The rooms are split across three floors of the main house and a discreet rear annex. Categories run from the smaller garden view rooms at the back, through the larger water view category facing east toward the river, to a small set of full waterfront rooms with private balconies on Bay Street. The interior design pulls in a low-country palette of soft greys, pale blues and natural linen, the antiques are individual rather than coordinated, and most rooms hold a clawfoot tub. There are no televisions in the public rooms by design, the WiFi is fast, and most categories include a king bed and a small writing desk.

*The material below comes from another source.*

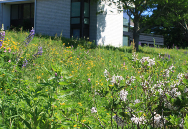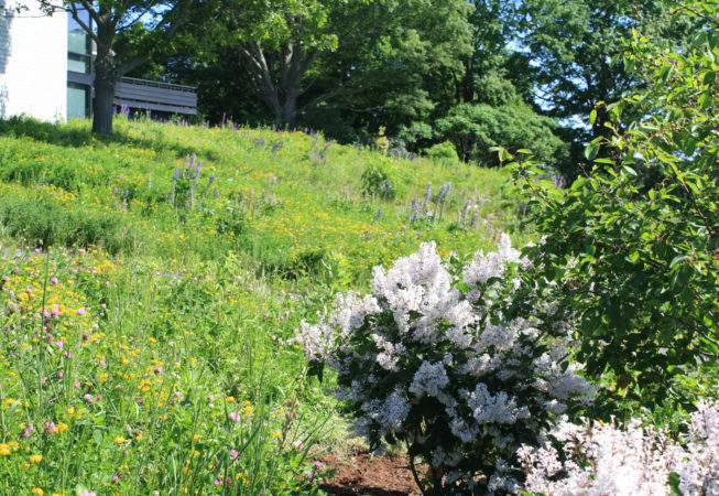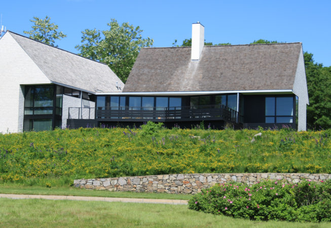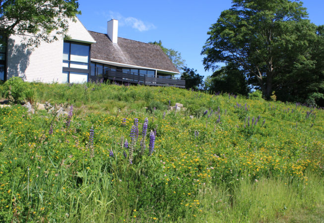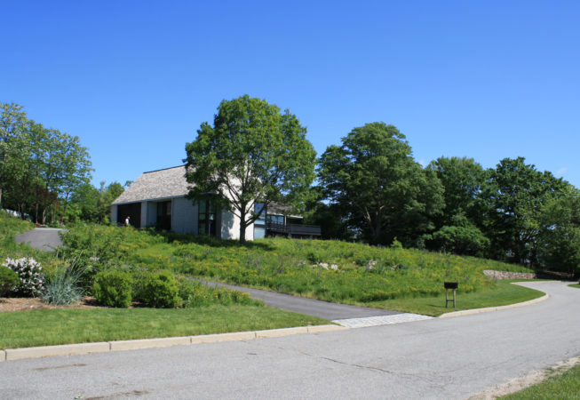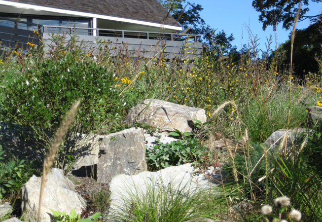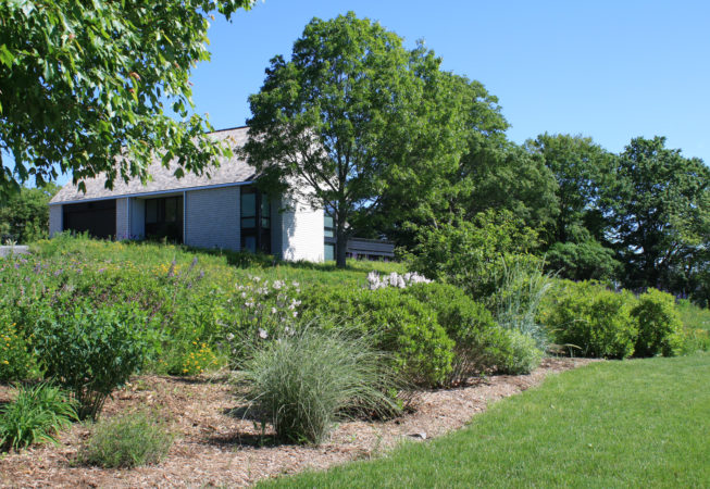 At this bay view residence, native plantings are juxtaposed with bold architectural lines to provide privacy within the client’s sculpture garden. Extensive wildflower meadows grace the front and eastern sides of the house. Sloped dunes encircling a series of rain gardens capture 100% roof runoff and the majority of site surface flow for on-site infiltration. The rain gardens are carefully composed of rock sculptures and wetland meadow plantings. This design allows for full open views from the house, ties the home with the bay and solidifies its location along the coastal zone.

The ground floor restaurant is the property's other operating asset. The kitchen runs a cook-to-order breakfast included with every stay (four hot options plus a buffet), and dinner runs Wednesday through Saturday on a short modern Lowcountry menu that has built a reputation well beyond the inn's own room nights. The bar program leans toward Carolina spirits and a tight wine list focused on the Cape Fear region. There is a small private dining alcove that books out for proposal dinners more often than the front desk advertises.
The Anchorage's working dock is the property's hidden lever. The inn maintains its own small fleet of bicycles, can call up kayaks and stand-up paddleboards on twenty minutes' notice, and partners with a local skipper for half-day Sea Island charters. Service is led by a long-tenured general manager who knows every regular by name, and the front-of-house team is small enough to read by midweek of any stay. Anchorage 1770 is the cleanest Bay Street option for a couples weekend in Beaufort and the default booking when the river view matters more than square footage.
For a quieter Lowcountry honeymoon, the Anchorage's waterfront category is the clear booking: a private Bay Street balcony, a clawfoot tub, and dinner downstairs without ever leaving the property. Pair four nights here with three at Sea Island or Kiawah for the cleanest Southern honeymoon route.
An anniversary at the Anchorage is the kind of weekend that quietly outperforms its price tag. The Saturday dinner sequence (a sunset cocktail on the balcony, dinner in the river-side dining room, a quick walk along the seawall) is the most reliable milestone weekend in the Lowcountry.
The Anchorage's private dining alcove was effectively built for the question. Book the alcove four weeks ahead, ask the front desk for the river-balcony walk after dessert, and the inn will quietly stage the wine, the chairs, and the timing. The answer is almost never about the hotel, but if you are asking here, you have not picked the wrong stage.
1103 Bay Street
Beaufort, SC 29902
United States
Directly on the Beaufort River seawall, two blocks from the Henry C. Chambers Waterfront Park
14 rooms across three floors and a rear annex
Garden view from $269/night
Water view from $388/night
Waterfront balcony rooms from $488/night
Captain's Suite to $688/night
Check-in: 4:00 PM
Check-out: 11:00 AM
Building dates 1770; reopened as inn 2017 after restoration
Cook-to-order breakfast included
On-site restaurant (dinner Wed-Sat)
River-facing balconies
Working dock and small boat fleet
Complimentary bicycles
Complimentary WiFi throughout
From $269/night. Waterfront balcony rooms book three to four months ahead for the Beaufort Water Festival in July, Film Festival in February, and Memorial Day through Labor Day weekends.